В свой последний приезд она даже избегала выглядывать из окон, чтобы не видеть почерневшего пустыря, оставшегося вместо сада. Ещё до её прибытия работники, присланные герцогом, спилили и сожгли мёртвые остовы деревьев и высохшего кустарника, и неизвестно, что смотрелось хуже – древесные скелеты или полное запустение вокруг дома. Рабочие собирались и пни повыкорчёвывать, но Ирис, приехав, вовремя вмешалась и не позволила. Корни уходят на много футов под землю, и, кто знает, возможно, не пострадали так сильно, как надземная часть. Восстановить всегда легче, чем сажать заново. Она попробует поработать с тем, что осталось, но немного позже. Сейчас главное – здоровье Мэг.

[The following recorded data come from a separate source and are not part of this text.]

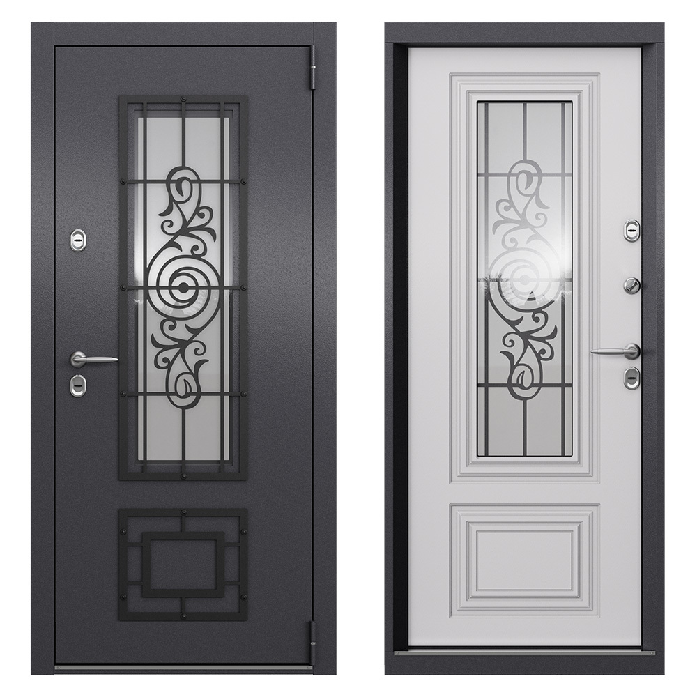 Наполнение полотна — пенополистирол + минеральная плита в ребрах жесткости с терморазрывом — фольгированный пенофол по периметру. Предназначена для установки в качестве уличной входной двери в частных домах, загородных коттеджах, таунхаусах, на границе улица/дом, в том числе в жилых и общественных зданиях. Для дверей, имеющих контакт с улицей, обязательно наличие козырька, защищающего от прямых воздействий осадков и солнечного света. Полотно изготовлено из стали, усиленное вертикальными ребрами жесткости со стеклопакетом и решеткой. Стальной лист с атмосферостойким порошковым покрытием цвета «Темно-серый букле графит»; панель МДФ в цвете КТ Белый». Короб — цельногнутый профиль закрытого типа с терморазрывом МДФ 6 мм.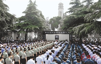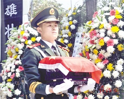 礼兵双手捧着烈士骨灰送往墓地安葬。
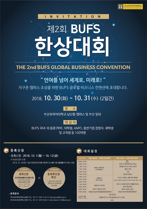부산외국어대학교는 오는 30, 31일 양일간 남산동 캠퍼스와 호메르스호텔에서 전 세계에서 활약하고 있는 부산외대 동문을 초청해 '제2회 BUFS 한상대회'를 개최한다.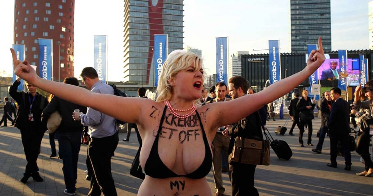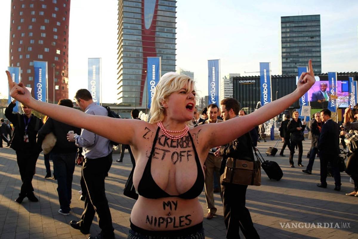 El grupo feminista, conocido por protestar 'a pecho descubierto', llegaron hasta los exteriores del L'Hospitalet portando carteles en los que se podían leer mensajes como: "Facebook. El sexismo es uno de nuestros términos y condiciones", que causó revuelo porque justo en ese momento en el recinto ferial, el fundador y presidente de Facebook, Mark Zuckeberg se encontraba exponiendo.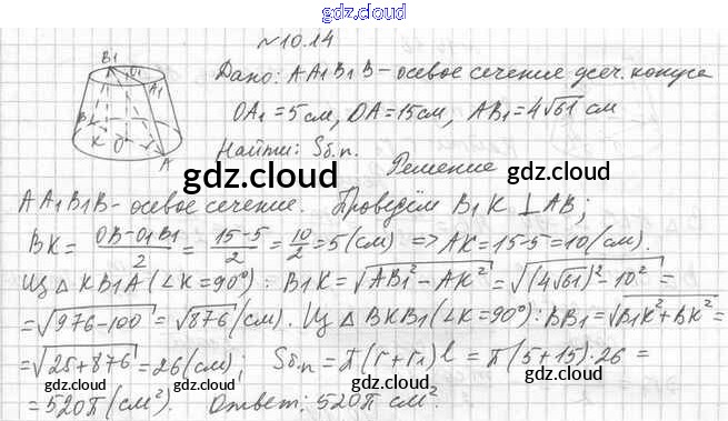 Ответ на задание 10.14 Учебник Геометрия  за 11 (одиннадцатый) класс Мерзляк, Номировский, Поляков Алгоритм успеха Углубленный уровень 2019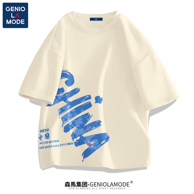 GENIOLAMODE森马集团短袖t恤男夏季纯棉国潮China大码肥仔显瘦圆领休闲体恤衫 黑色(大字母中国右下标) 2XL(155斤-175斤)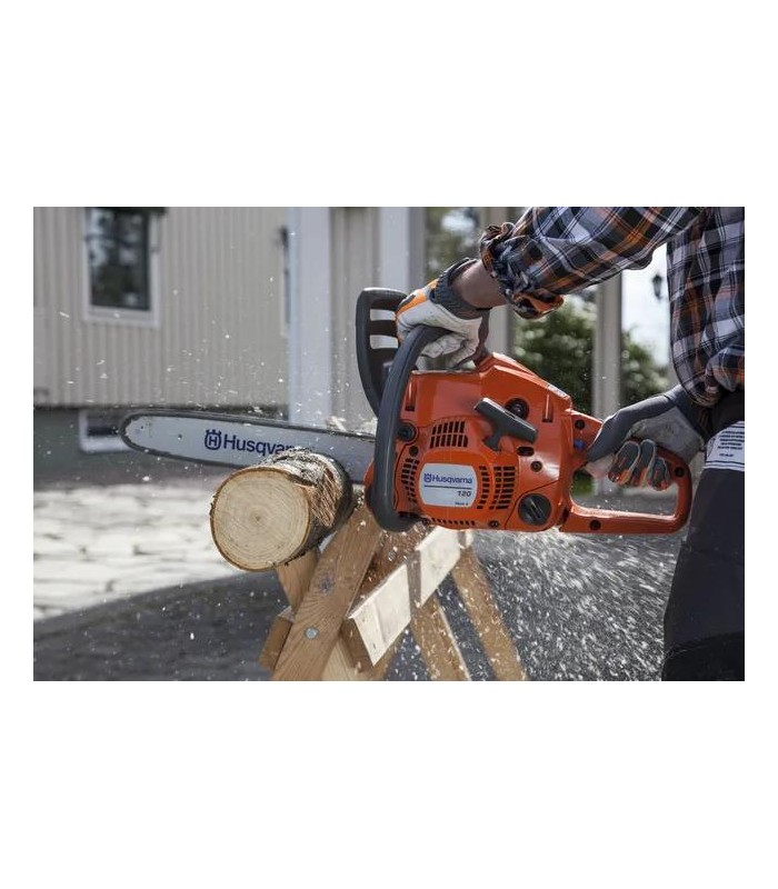 Lekka, wszechstronna i łatwa w obsłudze pilarka łańcuchowa Husqvarna 120 Mark II idealnie nadaje się do prac ogrodniczych, takich jak cięcie drewna opałowego, wycinanie małych drzew i usuwanie gałęzi. Ma silnik X-Torq®, który zapewnia dużą moc i moment obrotowy dzięki wysokowydajnemu spalaniu, i jest łatwa w konserwacji dzięki rozwiązaniu Air Injection™, które dłużej utrzymuje filtr w czystości. W przypadku odbicia skuteczny hamulec łańcucha aktywowany bezwładnościowo natychmiast zatrzymuje łańcuch, aby zmniejszyć prawdopodobieństwo obrażeń.

…Девушка погладила прохладную, ещё не успевшую нагреться от первых солнечных лучей, кладку стенного зубца. Почувствовав чей-то взгляд, скосила глаза вниз.
Напротив, через дорогу, в тени, отбрасываемой больничным корпусом, замерла фигура в нелепом балахоне, бывшем, по всей вероятности, когда-то белым. Лицо человека скрывалось под капюшоном, но даже отсюда можно было заметить, что руки, сложенные на дорожном посохе, истончены и сухи, как у старика.
Угрозы от него не исходило, лишь жадное, какое-то болезненное любопытство.
Страждущий или паломник, определила для себя Ирис, но на всякий случай заступила за широкий зубец, заслонивший её полностью. Хорошо, что она одета, как послушница, и не привлекает ничьего внимания яркой шевелюрой, но всё же женщина на монастырской стене – это не слишком скромное зрелище. А отказывать себе в привычных утренних прогулках не хочется. Она просто постоит здесь ещё немного, скрывшись от чужих глаз.